Special Leaves
Leaves of most plants perform photosynthesis; specialized leaves perform additional functions (see below)
Carnivorous Leaves
Leaves modified to attract, trap, kill, digest, and absorbs nutrients from the bodies of animals
In order for a plant to be considered truly carnivorous, they need to be able to do all 5 of these functions, otherwise they are considered "proto-carnivorous"

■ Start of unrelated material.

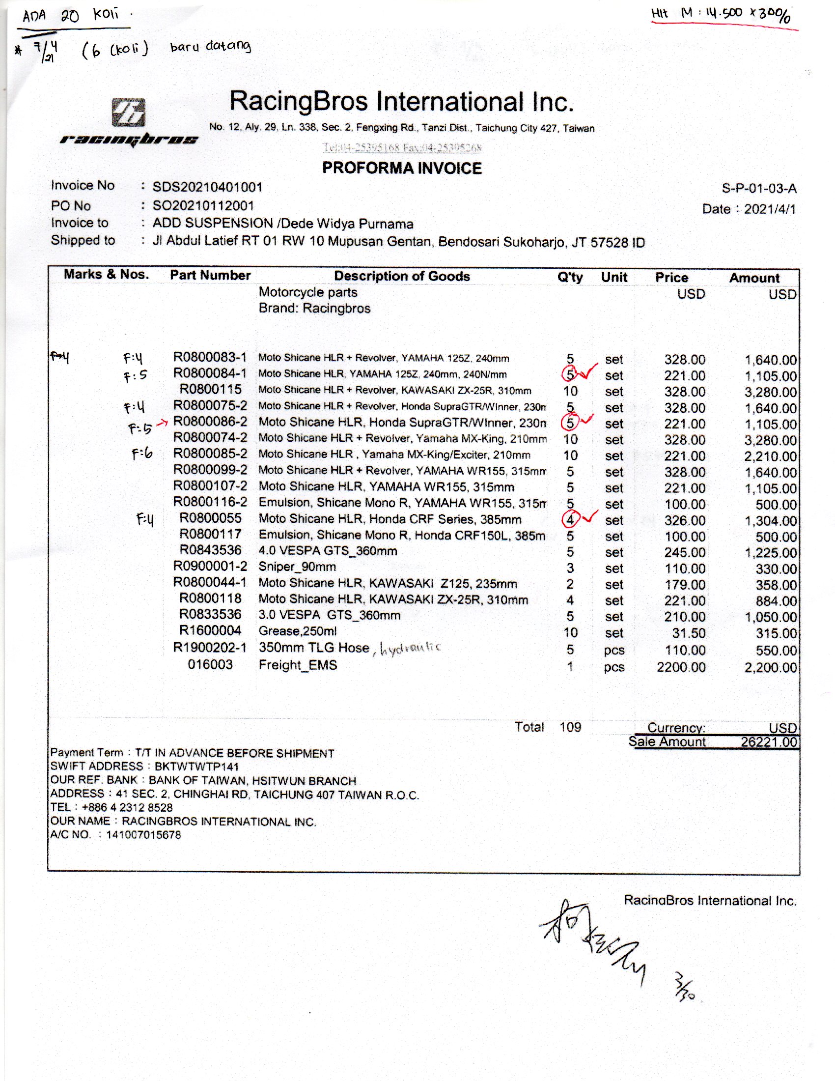 Racing bros International Inc 41 SEC.2 ,CHINGHAI RD, TAICHUNG 407 TAIWAN R.O.C ,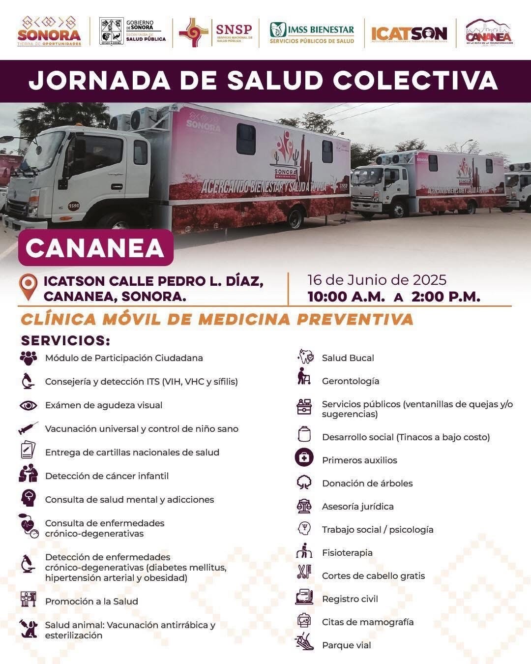 junio 2025.- El Gobierno Municipal de Cananea, en coordinación con diversas instituciones Estatales, invita a la ciudadanía a participar en la Jornada de Salud Colectiva este lunes 16 de junio, en las instalaciones de ICATSON Cananea (Calle Pedro L. Díaz), en un horario de 10:00 a.m. a 2:00 p.m.

See carnivorous page for more information
Above: The carnivorous Pitcher plant (Sarracenia), with modified leaves to form a pitfall trap
Left: The carnivorous Sundew (Drosera) with modified sticky leaves to catch insects
Autumnal Leaf Changes
Plant in areas with seasonally fluctuations exhibit two different adaptations: color change and deciduousness
Color change in leaves
Chlorophyll disappears and secondary pigments become visible in leaves
As day length shortens, many temperate plants dismantle chlorophyll and reuse the sub-components
Orange and yellow pigments (types of carotenoids) are present year-round, but masked by chlorophyll
Beta-carotene (orange pigment) is a typical carotenoid, but lutein (yellow compound at low concentrations, but orange-red at high concentrations) are called xanthophylls.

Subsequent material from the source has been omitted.